Most Effective Type of Punishment

Subject: Law
Pages: 3
Words: 754
Reading time:
3 min

The criminal system has four justifications for punishment; they are known as Retribution, Deterrence, Rehabilitation, and Social Protection. Macionis has defined them as below:

  • Retribution is an act of moral vengeance by which society makes the offender suffer as much as the suffering caused by the crime.
  • Deterrence is the attempt to discourage criminality through the use of punishment.
  • Rehabilitation is a program for reforming the offender to prevent later offenses.
  • Social Protection is rendering an offender incapable of further offenses temporarily by imprisonment or permanently by execution.

In order to find out which type of punishment justification deters the crime most effectively, the study makes a deep investigation of each method in the following section.

Retribution is the oldest type of punishment and refers to the philosophy used in old testament times. It picks the meaning of words like “an eye for an eye” and pushes revenge further. This type of punishment justification assumes that crime is an offense created not only against society but also against God and the person who commits the crime should experience the consequences. This type also believes that crime upsets the natural order of society as a whole and hence is to be eradicated by punishment. Also, retribution believes the level of punishment should be equal to the level of crime. This type stresses only the eradication of crime, but nothing about prevention by making the offender a better member of society.

Deterrence is the next emerged type of punishment justification that came into existence during the eighteenth century. This type of justification makes a comparison of the situation without crime and with crime assuming that people will choose the benefits.
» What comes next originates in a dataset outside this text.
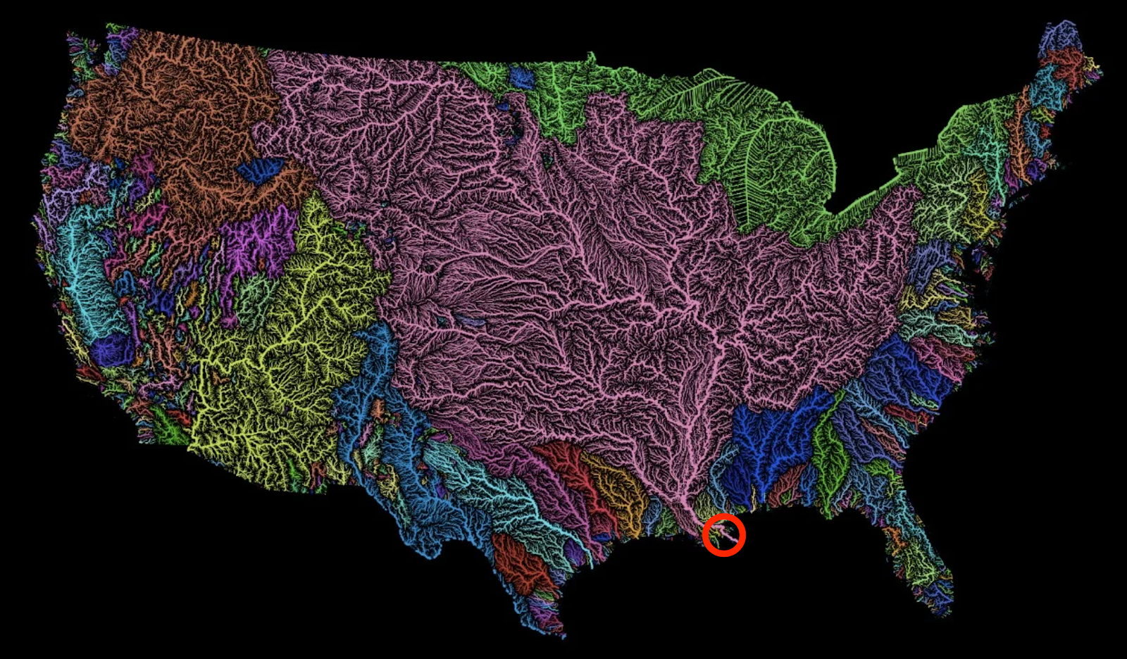 Another word for a Sink is a Basin. Below is a map of the river basins of the USA. Most notably, the Mississippi Basin in pink is one of the world’s largest basins. Any droplet of water that falls anywhere inside the pink region is assured to ultimately find itself at the point of convergence: where the Mississippi River meets the Atlantic Ocean.

This type of justification believes that society will consider the benefits that a noncrime scenario offers over the consequences of crime. This type of punishment justification cautions society of the possible consequences. Eg: If people try to increase their speed limit in a rush to avoid getting late to their destination, a fine ticket would help decrease the accidental rates, by acknowledging the benefit of getting late by going slow than paying the fine. Deterrence also discourages harsher punishments by putting the criminals to fewer intensity punishments like imprisonment than the death sentence to scare them to prevent further offenses.

Rehabilitation is the third form of punishment justification that evolved during the nineteenth century. This type of punishment justification was based on the identification of relationships between the criminals and their environments. This practice believes that when a subject is controlled by his/her environment in the upbringing they conform themselves to that particular societal norms only. So this type of punishment includes reformation activities for the criminals. So during the execution of punishment, the offenders will be sent to reformatories or reformation camps and houses of corrections. Also, the process sometimes involves setting up the military-style of boot camps, assuming that hard work and military-style disciplinary patterns will replace the old criminal nature in the offenders.

Social protection is the fourth form of the justification for punishment and came about as a protective effort to protect society from violent criminals. This favors society by making the offender incapable of further offenses until a certain limited time by imprisonment or permanently by execution. This option of punishment has no choice for changing the criminal from their effort as it is the case of rehabilitation. All it has to do is make capture the criminals. With this form of punishment justification in the nineteenth century, the imprisoned criminal rate has increased in the United States in recent years. This form administers strict laws and heavy sanctions for imprisonment. Sometimes this pattern of justification can be assumed by the reformers as offenders being protected in the prison when they are not accepted by the society. There is a perceivable variance between the citizens and the criminals through this type.

There is no clear evidence in the above report, to support any type as the most effective type in deterring crime in society. Retribution cannot help much to deter crime, but can only push it further. Deterrence can up to some extent prevent the crime, but may not be sufficient to clear it ultimately. However, rehabilitation makes the offenders able to flow into the civilian stream by bringing the reformation. The reformation will reduce the level of criminal instinct and reduces the crime levels for a long duration.